(INPUT MATERIAL Opens)
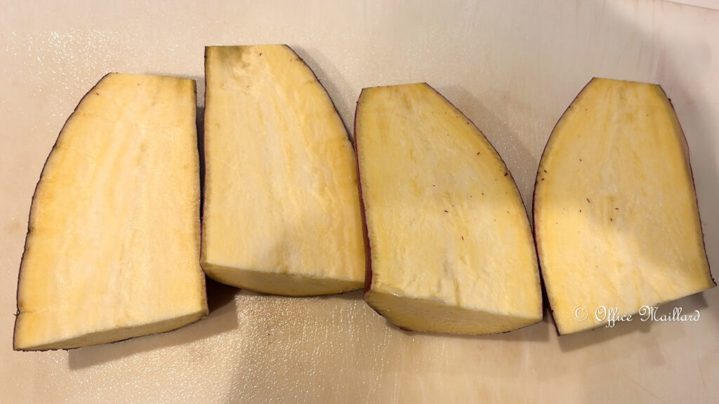 通常のサツマイモのデンプンが糊化されるのは約70℃。酵素もこの温度帯で活性化しますが、75~80℃になると失活します。そのため、加熱して70~75℃の温度帯に滞在する時間が長ければ糖の生成量が多くなります*。サツマイモは低温でじっくり焼くと甘くおいしくなる、と言われるのにはこのような理由があります。
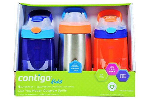 Contigo Kids Autospout Water Bottles (3 Pack – 2 Autospout + 1 Autoseal) 14 Hours Cold
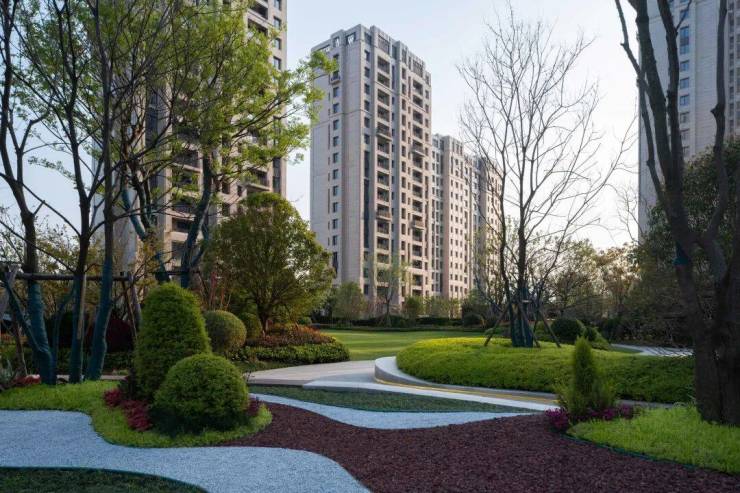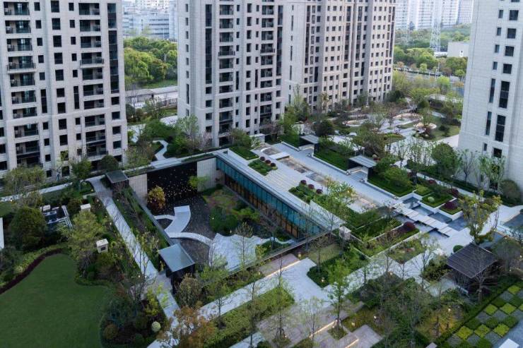 项目外立面均采用石材干挂+铝板,在园林方面,项目和古北中央公园一样也是由奥雅园林打造的,总绿化面积为约1.29万方,包括了中央休闲草坪花园、中央会客厅、樱花大道与乌桕林、儿童娱乐区等。
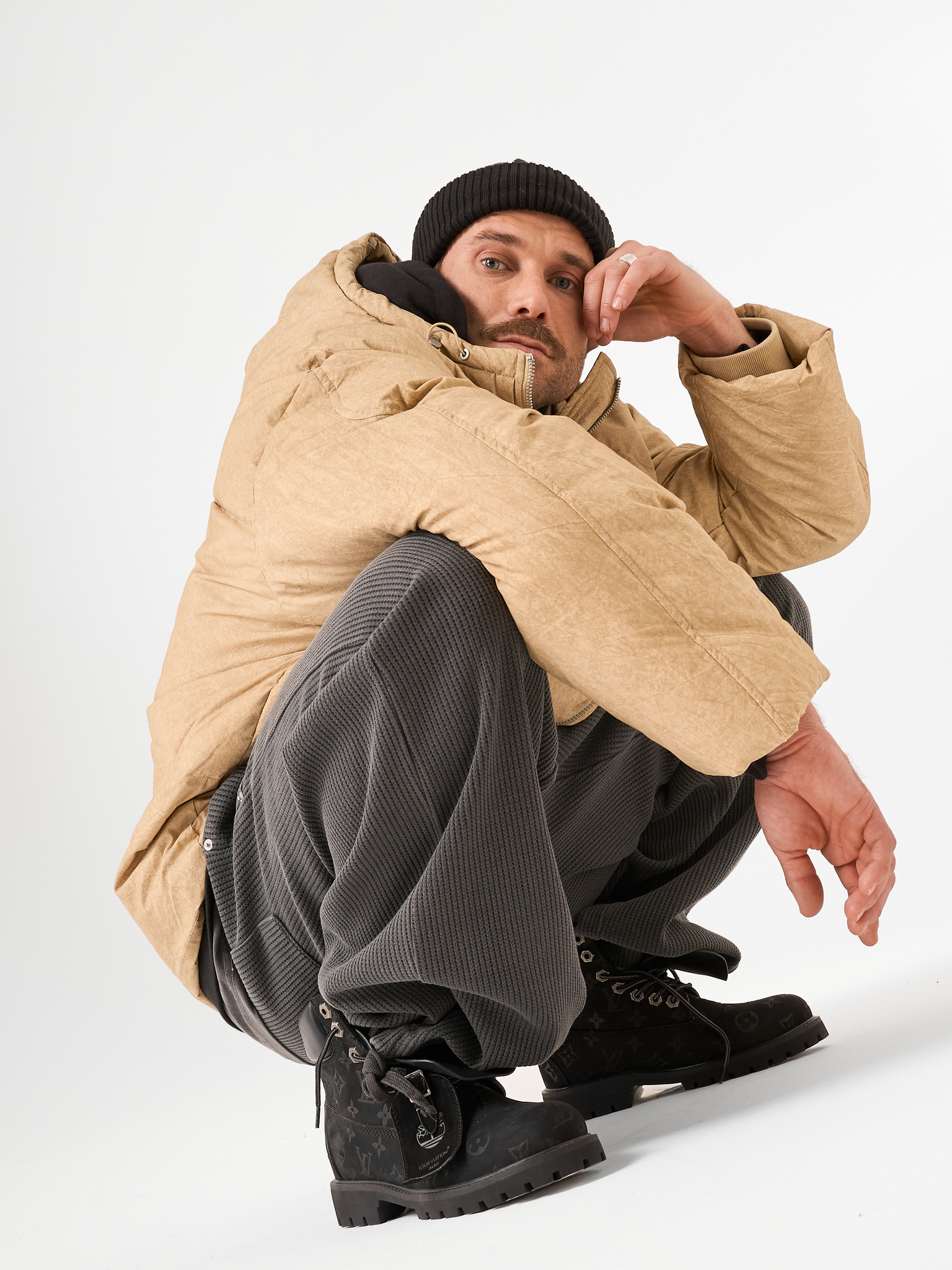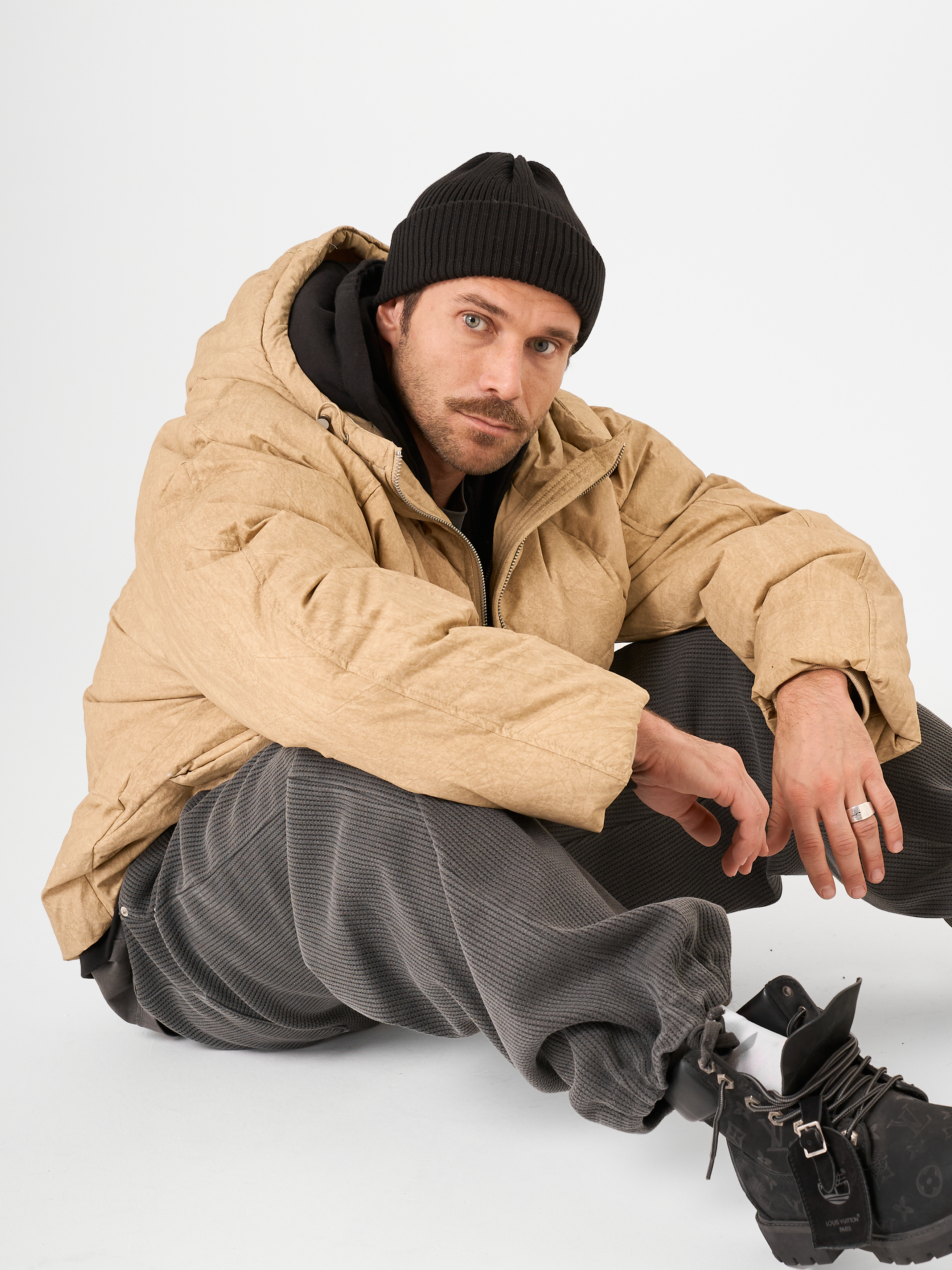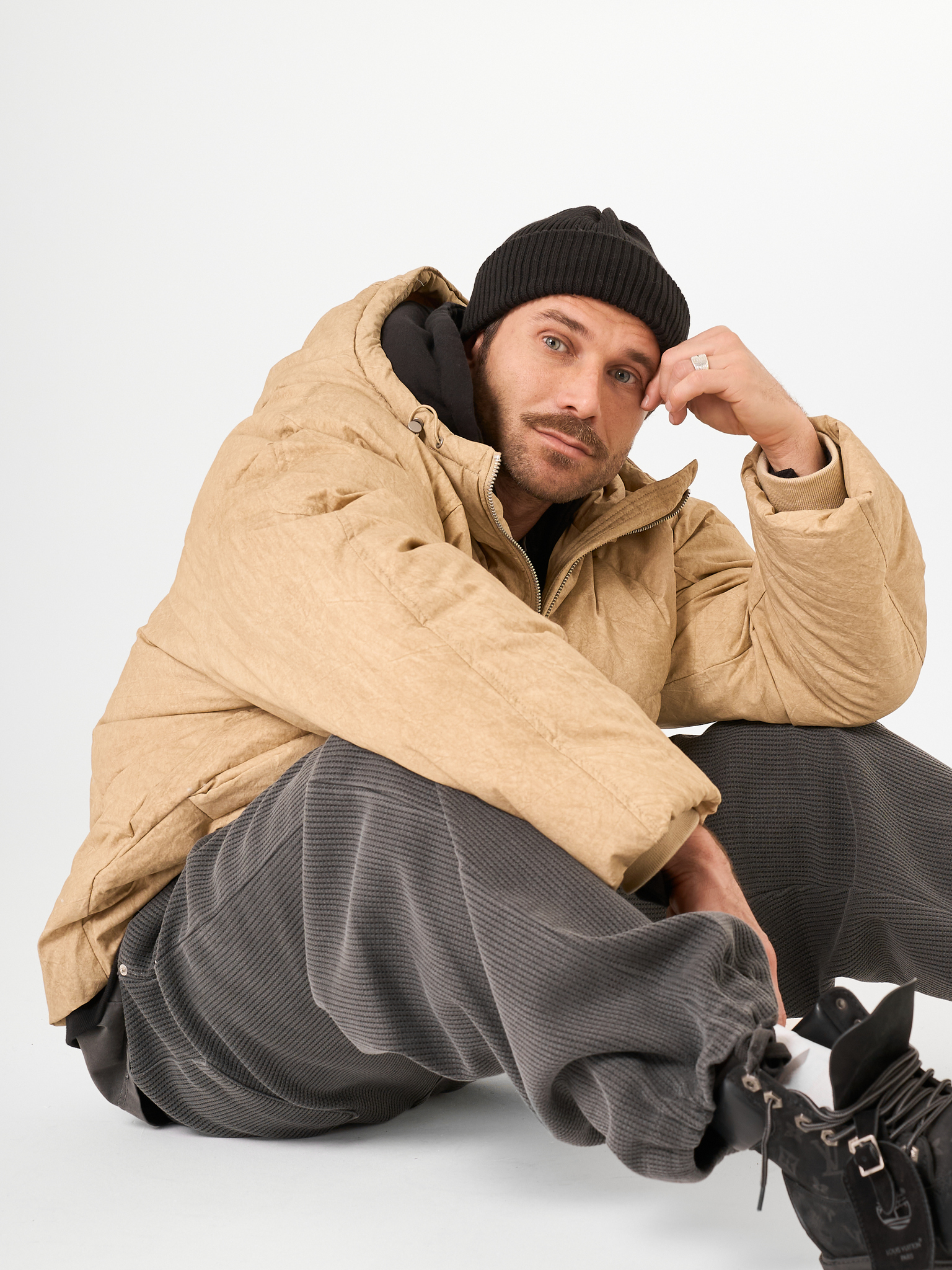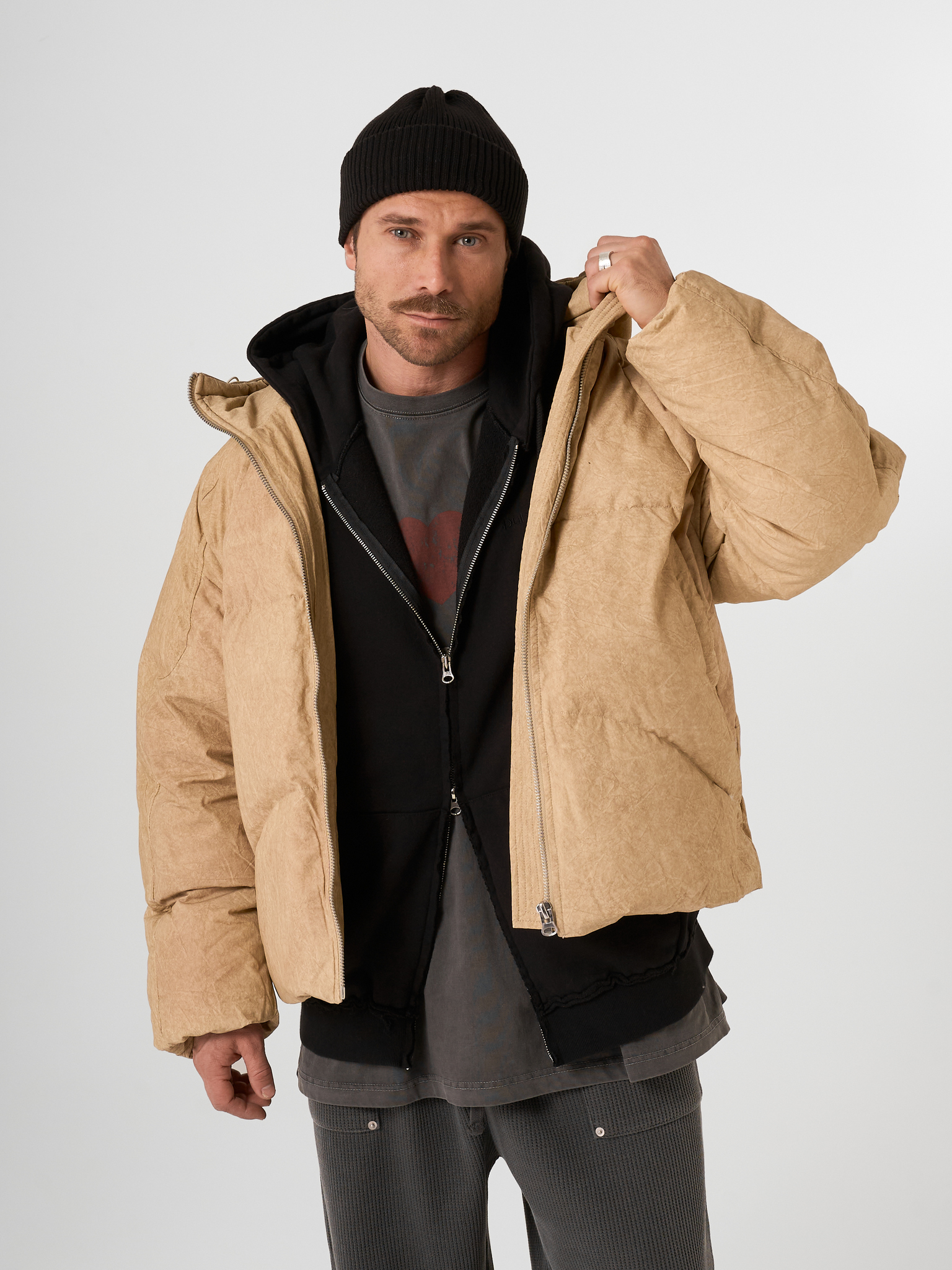 Объемный бежевый пуховик выполнен из матового текстиля и улеплен натуральным гусиным пухом. Модель на молнии с капюшоном.
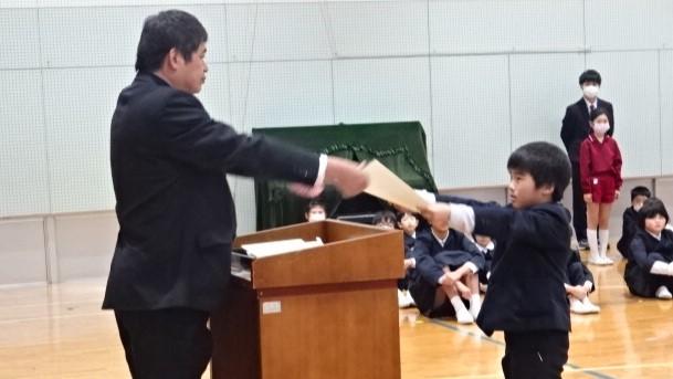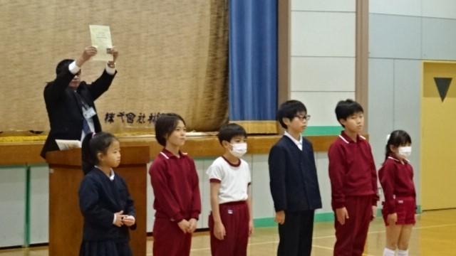 表彰式・納賞式がありました。表彰される児童もそれをしっかり見ている児童も、とても態度が立派でした。1年生もきちんと礼をし、りりしい姿が頼もしかったです。今回は2件の納賞がありました。直っ子の活躍は嬉しい限りです。
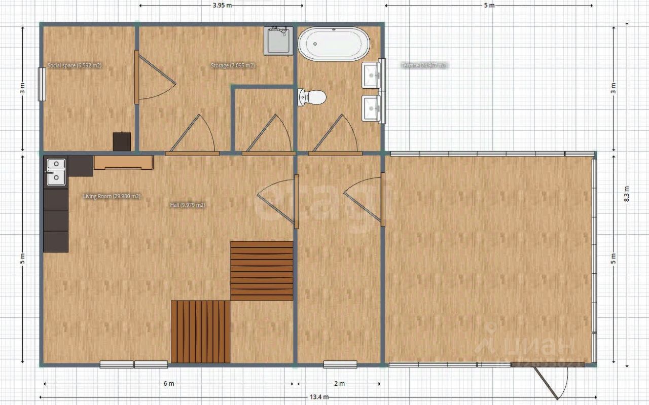 Дом 90 м² · 8.7 соток · 1 этаж
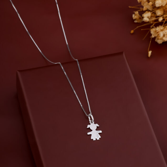 This charming necklace is crafted from 925 sterling silver, featuring a delicate chain with a little girl silhouette pendant. The playful yet meaningful design makes it a perfect gift for mothers, daughters, or grandmothers, symbolizing love, family, and cherished bonds. With its polished finish and minimalist style, this necklace is ideal for everyday wear or as a heartfelt keepsake.
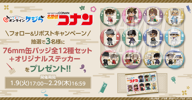 X(旧Twitter)オンラインクジらと名探偵コナンゼミ公式アカウントをフォロー&対象の投稿をリポストすると、抽選で3名様に「D賞76mm缶バッジ全12種+オリジナルステッカー」が当たるキャンペーンも開催中。
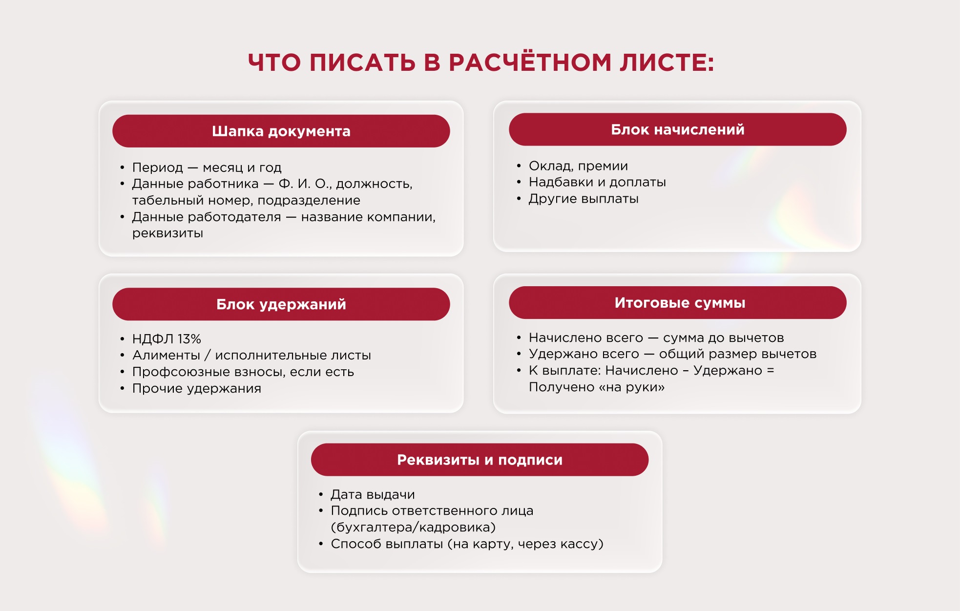 Что должно быть в расчётном листке
(INPUT MATERIAL Closes)
ABOUT THIS EXERCISE:
Reproduce each entry precisely. Leave the pictures out.

YOUR SOLUTION:
 通常のサツマイモのデンプンが糊化されるのは約70℃。酵素もこの温度帯で活性化しますが、75~80℃になると失活します。そのため、加熱して70~75℃の温度帯に滞在する時間が長ければ糖の生成量が多くなります*。サツマイモは低温でじっくり焼くと甘くおいしくなる、と言われるのにはこのような理由があります。
 Contigo Kids Autospout Water Bottles (3 Pack – 2 Autospout + 1 Autoseal) 14 Hours Cold
 项目外立面均采用石材干挂+铝板,在园林方面,项目和古北中央公园一样也是由奥雅园林打造的,总绿化面积为约1.29万方,包括了中央休闲草坪花园、中央会客厅、樱花大道与乌桕林、儿童娱乐区等。
 Объемный бежевый пуховик выполнен из матового текстиля и улеплен натуральным гусиным пухом. Модель на молнии с капюшоном.
 表彰式・納賞式がありました。表彰される児童もそれをしっかり見ている児童も、とても態度が立派でした。1年生もきちんと礼をし、りりしい姿が頼もしかったです。今回は2件の納賞がありました。直っ子の活躍は嬉しい限りです。
 Дом 90 м² · 8.7 соток · 1 этаж
 This charming necklace is crafted from 925 sterling silver, featuring a delicate chain with a little girl silhouette pendant. The playful yet meaningful design makes it a perfect gift for mothers, daughters, or grandmothers, symbolizing love, family, and cherished bonds. With its polished finish and minimalist style, this necklace is ideal for everyday wear or as a heartfelt keepsake.
 X(旧Twitter)オンラインクジらと名探偵コナンゼミ公式アカウントをフォロー&対象の投稿をリポストすると、抽選で3名様に「D賞76mm缶バッジ全12種+オリジナルステッカー」が当たるキャンペーンも開催中。
 Что должно быть в расчётном листке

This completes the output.